Arrange $\left[Fe\right(CN{)}_6{]}^{4-}$, $\left[Fe\right(CN{)}_6{]}^{3-}$, $\left[Ni\right(CN{)}_4{]}^{2-}$ and $\left[Ni\right(H_{2}O{)}_4{]}^{2+}$ in increasing order of magnetic moment.

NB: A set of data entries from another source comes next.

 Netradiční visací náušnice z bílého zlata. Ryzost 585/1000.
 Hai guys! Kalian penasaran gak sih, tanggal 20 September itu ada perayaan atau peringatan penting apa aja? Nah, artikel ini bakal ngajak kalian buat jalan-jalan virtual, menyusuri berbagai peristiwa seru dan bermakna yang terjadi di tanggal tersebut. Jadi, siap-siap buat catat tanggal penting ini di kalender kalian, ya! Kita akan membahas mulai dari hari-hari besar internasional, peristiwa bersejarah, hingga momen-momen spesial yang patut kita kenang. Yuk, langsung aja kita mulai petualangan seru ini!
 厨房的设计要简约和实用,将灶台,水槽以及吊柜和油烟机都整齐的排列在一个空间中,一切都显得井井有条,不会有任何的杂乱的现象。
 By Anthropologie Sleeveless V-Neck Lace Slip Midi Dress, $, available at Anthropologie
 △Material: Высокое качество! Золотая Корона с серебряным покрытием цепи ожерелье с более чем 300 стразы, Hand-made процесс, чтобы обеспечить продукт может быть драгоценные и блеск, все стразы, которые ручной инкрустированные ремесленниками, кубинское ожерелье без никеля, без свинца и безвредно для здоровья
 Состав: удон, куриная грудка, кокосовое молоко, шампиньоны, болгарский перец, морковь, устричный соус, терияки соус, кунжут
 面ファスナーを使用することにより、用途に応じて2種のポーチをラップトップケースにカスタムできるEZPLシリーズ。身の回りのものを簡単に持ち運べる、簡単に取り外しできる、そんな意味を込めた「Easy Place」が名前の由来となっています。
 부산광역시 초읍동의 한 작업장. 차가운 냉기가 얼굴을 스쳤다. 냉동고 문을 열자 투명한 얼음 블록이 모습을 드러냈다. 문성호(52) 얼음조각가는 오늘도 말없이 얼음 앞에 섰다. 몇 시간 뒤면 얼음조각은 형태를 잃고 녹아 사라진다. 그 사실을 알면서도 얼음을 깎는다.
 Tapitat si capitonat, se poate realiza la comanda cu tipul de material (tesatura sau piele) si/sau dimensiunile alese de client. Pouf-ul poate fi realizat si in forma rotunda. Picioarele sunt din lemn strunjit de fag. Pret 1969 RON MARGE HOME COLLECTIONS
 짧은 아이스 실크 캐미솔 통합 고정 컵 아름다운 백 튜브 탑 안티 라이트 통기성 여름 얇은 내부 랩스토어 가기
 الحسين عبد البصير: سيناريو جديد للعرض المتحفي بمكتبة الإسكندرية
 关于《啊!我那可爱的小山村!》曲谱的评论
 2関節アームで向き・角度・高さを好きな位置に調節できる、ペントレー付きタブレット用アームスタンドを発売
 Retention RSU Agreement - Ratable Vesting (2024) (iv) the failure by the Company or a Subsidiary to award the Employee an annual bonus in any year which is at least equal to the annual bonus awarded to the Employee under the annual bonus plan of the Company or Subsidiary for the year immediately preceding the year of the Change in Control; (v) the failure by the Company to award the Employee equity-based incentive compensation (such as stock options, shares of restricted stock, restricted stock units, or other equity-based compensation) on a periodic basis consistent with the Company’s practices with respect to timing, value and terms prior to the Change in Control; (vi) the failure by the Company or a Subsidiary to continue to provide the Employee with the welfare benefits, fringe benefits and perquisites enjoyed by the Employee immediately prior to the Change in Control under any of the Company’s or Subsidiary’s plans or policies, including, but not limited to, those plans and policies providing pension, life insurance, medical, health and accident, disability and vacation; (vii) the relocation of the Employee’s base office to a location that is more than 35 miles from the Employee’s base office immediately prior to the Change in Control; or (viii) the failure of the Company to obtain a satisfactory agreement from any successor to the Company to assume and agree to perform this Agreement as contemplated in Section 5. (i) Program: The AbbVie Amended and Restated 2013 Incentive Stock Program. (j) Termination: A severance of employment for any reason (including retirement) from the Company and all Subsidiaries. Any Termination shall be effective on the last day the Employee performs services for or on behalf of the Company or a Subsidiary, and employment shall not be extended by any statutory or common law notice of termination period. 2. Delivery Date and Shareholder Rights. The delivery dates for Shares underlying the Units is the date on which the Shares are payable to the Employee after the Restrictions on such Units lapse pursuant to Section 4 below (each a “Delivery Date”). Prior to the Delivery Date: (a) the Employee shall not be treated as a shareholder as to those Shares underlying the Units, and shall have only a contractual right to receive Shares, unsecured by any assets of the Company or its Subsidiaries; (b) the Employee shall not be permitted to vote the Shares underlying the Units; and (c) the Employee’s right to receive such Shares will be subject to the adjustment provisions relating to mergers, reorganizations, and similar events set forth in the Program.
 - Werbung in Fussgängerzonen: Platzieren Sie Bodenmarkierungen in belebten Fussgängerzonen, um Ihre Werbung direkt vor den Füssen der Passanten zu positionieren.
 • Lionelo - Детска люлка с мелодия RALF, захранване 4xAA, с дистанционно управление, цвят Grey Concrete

• A. $\left[Ni\right(H_{2}O{)}_4{]}^{2+}$ < $\left[Fe\right(CN{)}_6{]}^{4-}$ = $\left[Ni\right(CN{)}_4{]}^{2-}$ < $\left[Fe\right(CN{)}_6{]}^{3-}$
• B. $\left[Fe\right(CN{)}_6{]}^{4-}$ < $\left[Fe\right(CN{)}_6{]}^{3-}$ = $\left[Ni\right(CN{)}_4{]}^{2-}$ < $\left[Ni\right(H_{2}O{)}_4{]}^{2+}$
• C. $\left[Fe\right(CN{)}_6{]}^{4-}$ = $\left[Ni\right(CN{)}_4{]}^{2-}$ < $\left[Fe\right(CN{)}_6{]}^{3-}$ < $\left[Ni\right(H_{2}O{)}_4{]}^{2+}$
• D. $\left[Fe\right(CN{)}_6{]}^{4-}$ < $\left[Fe\right(CN{)}_6{]}^{3-}$ < $\left[Ni\right(CN{)}_4{]}^{2-}$ = $\left[Ni\right(H_{2}O{)}_4{]}^{2+}$

Answer 1

The correct option is C $\left[Fe\right(CN{)}_6{]}^{4-}$ = $\left[Ni\right(CN{)}_4{]}^{2-}$ < $\left[Fe\right(CN{)}_6{]}^{3-}$ < $\left[Ni\right(H_{2}O{)}_4{]}^{2+}$

In ${\left[Ni{\left(H_{2}O\right)}_4\right]}^{2+}$, there are unpaired electrons due to the unpairing of weak ligand $H_{2}O$. These electrons make d-d transition, hence, paramagnetic.
In ${\left[Ni{\left(CN\right)}_4\right]}^{2-}$, Ni has +2 configuration and no unpaired electrons due to the pairing of electrons by strong ligand $\left(C{N}^{-}\right)$. Even after pairing of electrons, d-d transition can occur because of vacant d-orbitals.

Similarly in ${\left[Fe{\left(CN\right)}_6\right]}^{4-}[\mu =\sqrt{n(n+2)};n=3]$ ${\left[Fe{\left(CN\right)}_6\right]}^{3-}$ with ${Fe}^{+3}$ has $3d^7$ outer configuration thus, has more magnetic moment than ${\left[Fe{\left(CN\right)}_6\right]}^{4-}$